童話戦記

太陽 てら

1.幕開け

プロローグ

1-0.それは些細な言い合いで

 童話――

 それは、子供向けの民話、伝説、寓話ぐうわ、創作された物語。


 そんな童話には、世界を代表する二つの童話が存在する。

 グリム童話とアンデルセン童話。


 次男ヤーコプと三男ヴィルヘルムのグリム兄弟と、ハンス・クリスチャン・アンデルセンによって生み出された二つの童話は、瞬く間に世界中を駆け巡り、多くの子供たちの教育や道徳心を培うために今もなお、読まれ続けている。



 ▽


 ――世界を代表する童話作家がこの世を去り、幾万年の月日が流れただろうか。


 笑い声の響き渡るこの場所で、昔懐かしい顔触れが集まり、昔話に花を咲かせていた。


「いやいや懐かしいですねぇ。あの時、ヤーコプとヴィルヘルムが私を尋ねに来てくれた時は本当に嬉しかったんですよ」


 ハンス・クリスチャン・アンデルセン。アンデルセン童話を手掛けた童話作家であり、詩人の男性。

 七〇歳の時に肺癌で亡くなってしまったのだが、今この場にいるアンデルセンは三〇代の若さを保ち、知的に高い雰囲気を併せ持っている。生まれつき色素の薄いアンデルセンの肩まで伸びた髪の色やまつ毛は、薄っすらと金色に輝いている。

 それにうまくマッチングした教会の神父が召している祭服さいふくに身を包み、何やら分厚い本を目の前に置き、談笑に夢中となっている。


「いやぁ、まさかせっかく僕らの家を訪ねてくれたのがアンデルセンだとは思わなかったからな。あの時は大変失礼な態度をしてしまったと今でも反省している」


 グリム兄弟、次男ヤーコプ。グリム童話を手掛けた兄弟のひとり。ベルリンで七八歳の頃亡くなっているが、今の見た目はアンデルセンと同じく三〇代。嵯峨鼠さがねずの髪は腰まで長く、耳の後ろでひとまとめに結んでいる。一六五センチの男性の平均身長よりも低く中性的な顔立ちで、女性のようなしなやかさをもっている。
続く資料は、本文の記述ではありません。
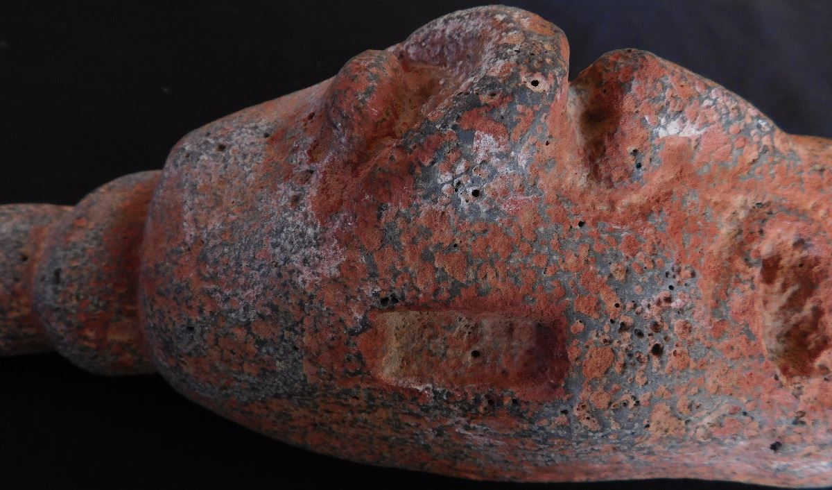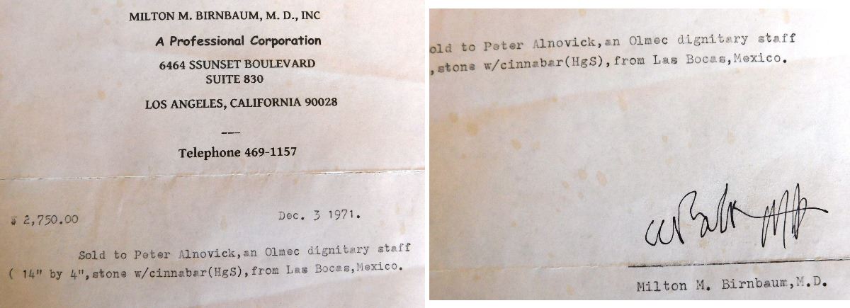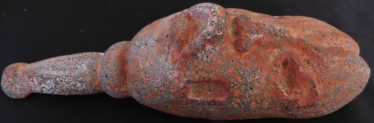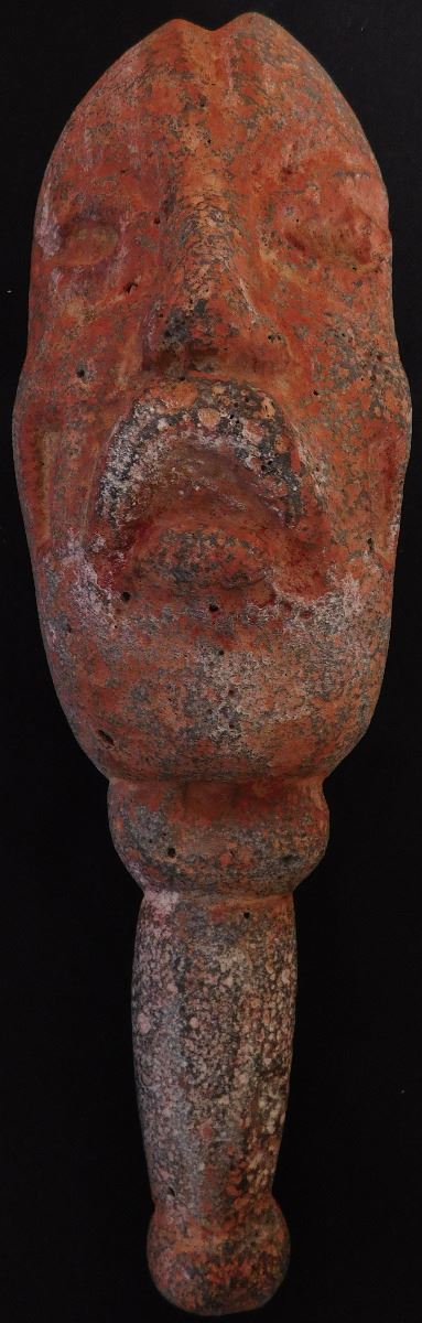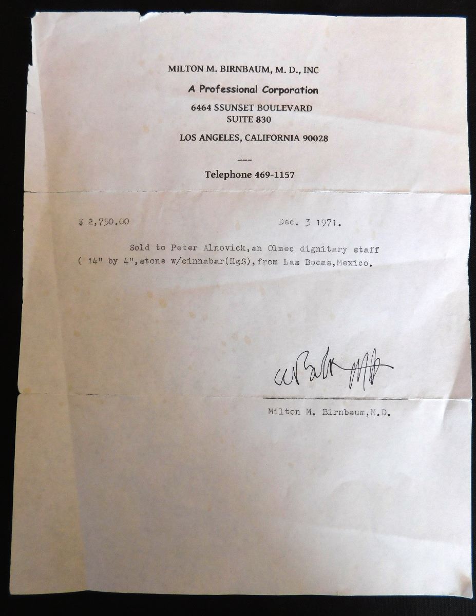 Olmec Stone Scepter or Staff, c. 2400 years old. Carved of vesicular basalt w/remnants of cinnabar, this item measures 14" x 4" and weighs 8.75 pounds. It is an olmec transformation piece, with the figure transforming into a Jaguar. At one time it had inlay in cheeks, and has a cleft head. From Las Bocas, Mexico. Includes receipt from 1971 sale. Helm COA included. Condition: Very good, see images. USA Shipping: $60, USPS Registered Mail. Int'l Shipping: $85.00 estimate, buyer pays all shipping fees.

 すべてを包み込んでしまいそうなほど真っ黒なパンツスーツを着て、足を組んでワインの味を堪能している。


「アンデルセン、あの時は申し訳なかったよ。兄のヤーコプは人と会話をするのがとても苦手だったからね」


 グリム兄弟、三男ヴィルヘルム。グリム童話を手掛けた兄弟のひとり。ベルリンで七三歳の頃亡くなっているが、今の姿は他の二人と同じくらいの年代であろうか。ヤーコプよりも長身一八五センチで大柄な体型。短髪の嵯峨鼠さがねずの髪は、全体的に後ろに向かって流れるように整えられており、それを支えるように前髪部分に眼鏡を差し込んでいる。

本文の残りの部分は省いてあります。